Restate the full listing word for word; images stay out of it.

#### [Data segment]

—————

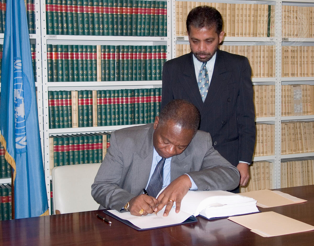 Boniface G. Chidyausiku (left), Permanent Representative of the Republic of Zimbabwe to the United Nations, signs the ""United Nations Convention Against Corruption.""
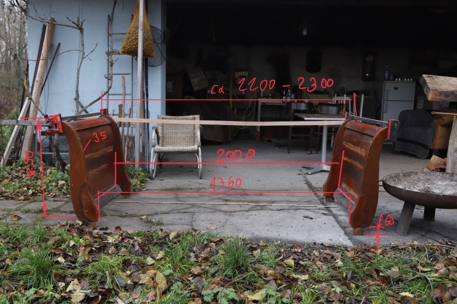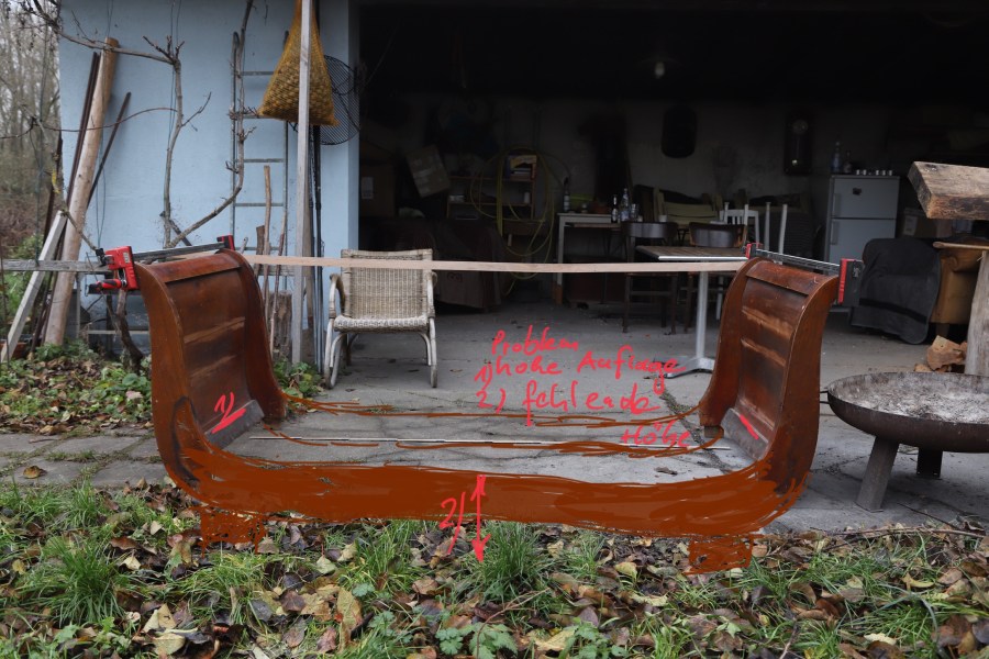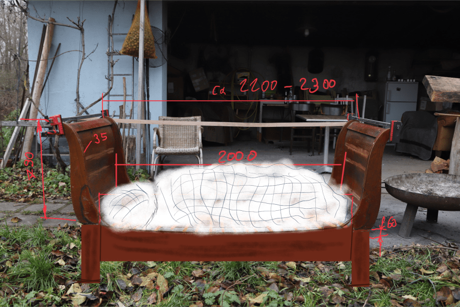 Das Bett soll also wieder nutzbar gemacht werden. Auf der ersten Skizze sieht man meine Überlegung die Kopfenden an die Seitenwangen „heran zu führen“. Da aber eine nötige Stabilität dadurch kaum zu gewährleisten wäre und ich die vorhandenen Zapfen nutzen wollte, musste eine andere Lösung her. Auch soll das Bett eine vernünftige Sitzhöhe bekommen um auch als Sitzmöbel genutzt werden zu können.
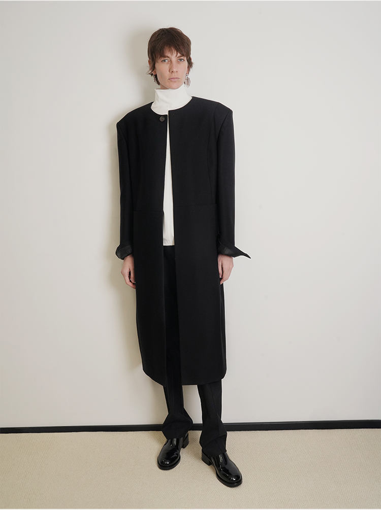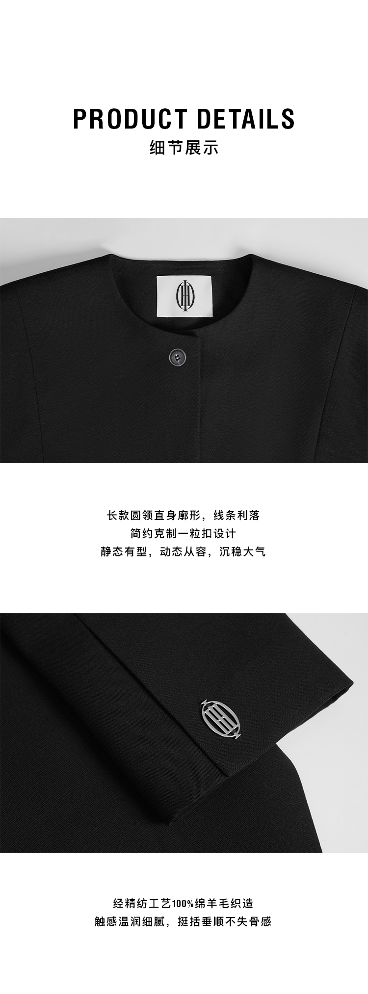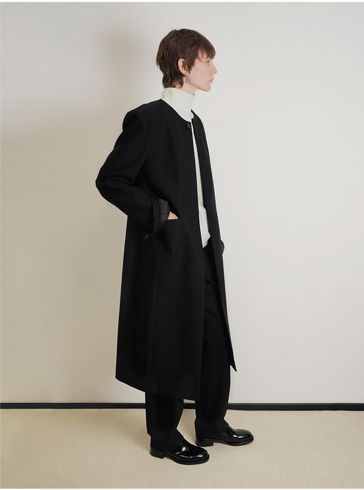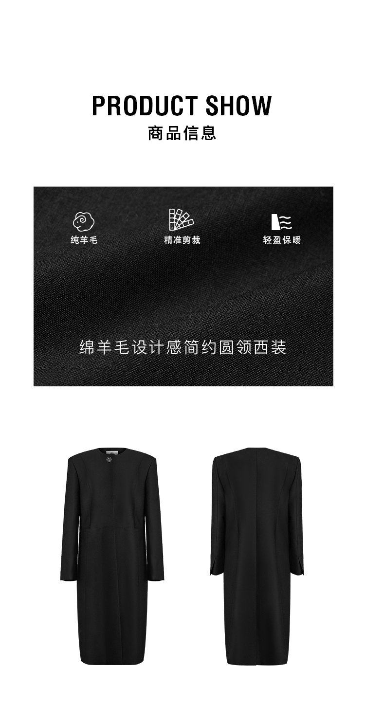 HIDEMI 绵羊毛设计感黑色简约圆领长款西装西服外套

—————

#### [Exercise response]
 Boniface G. Chidyausiku (left), Permanent Representative of the Republic of Zimbabwe to the United Nations, signs the ""United Nations Convention Against Corruption.""
 Das Bett soll also wieder nutzbar gemacht werden. Auf der ersten Skizze sieht man meine Überlegung die Kopfenden an die Seitenwangen „heran zu führen“. Da aber eine nötige Stabilität dadurch kaum zu gewährleisten wäre und ich die vorhandenen Zapfen nutzen wollte, musste eine andere Lösung her. Auch soll das Bett eine vernünftige Sitzhöhe bekommen um auch als Sitzmöbel genutzt werden zu können.
 HIDEMI 绵羊毛设计感黑色简约圆领长款西装西服外套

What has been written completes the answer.